Je sais que je vais vous lasser, vous faire bâiller d’indifférence, si j’essaie avec maladresse d’expliquer ce comportement timide et réservé qui m’empêche de parler, de m’exprimer face à toutes les personnes qui me côtoient. Celles qui longeaient les bancs de l’amphithéâtre, tout près de moi, sans me remarquer ni montrer ne fut-ce qu’un léger intérêt pour cette éternelle étudiante un peu transparente qui disparaissait, la dernière de la file des attardés, par la grande porte de l’amphithéâtre, tout là-haut, au sommet des gradins.
Cher Professeur, vous auriez simplement levé la tête, en rajustant vos binocles, vers le haut de cet alignement de banquettes et vous m’auriez aperçue… moi, la fade et pâlotte silhouette quittant l’amphithéâtre à reculons pour mieux encore profiter de votre présence et de votre immense sagesse que je vous envie et qui ne m’a pas été accordée par le Grand Esprit à ma naissance.

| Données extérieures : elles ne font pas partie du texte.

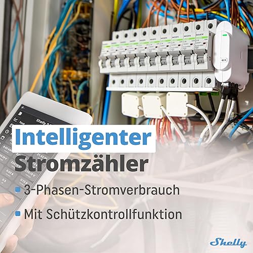 Shelly 3EM | Wlan-gesteuerter intelligenter 3 Kanal Relaisschalter mit Energiemessung und Schützsteuerung | Alexa & Google Home kompatibel | iOS Android App | Kein Hub erforderlich | Stromüberwachung

C’est en cours de philosophie que je vous ai connu, estimé, jamais oublié. Voilà pourquoi aujourd’hui, je tente de me rappeler à votre souvenir afin que vous me veniez en aide. Vos cours de philosophie, vos paroles de sagesse sont demeurés imprimés fortement dans mes pages de copies, écrites à la hâte, en abrégé, pour n’en rien oublier. Leçons de sagesse que j’ai lues et relues, étant bien décidée à les appliquer dans tous les instants de ma vie quotidienne. Hélas ! C’est loin de ma mémoire qu’elles se sont échappées, vos leçons ! Sans pouvoir les ramener à moi, juste au moment où la situation l’aurait exigé. Situation ? Ce mot, cher Professeur, va vous intriguer, je l’espère et m’apporter un peu d’intérêt enfin, car, à la lecture de ce récit, vous allez éprouver de la curiosité, sentiment qui vous encouragera à lire ma lettre jusqu’au dernier mot.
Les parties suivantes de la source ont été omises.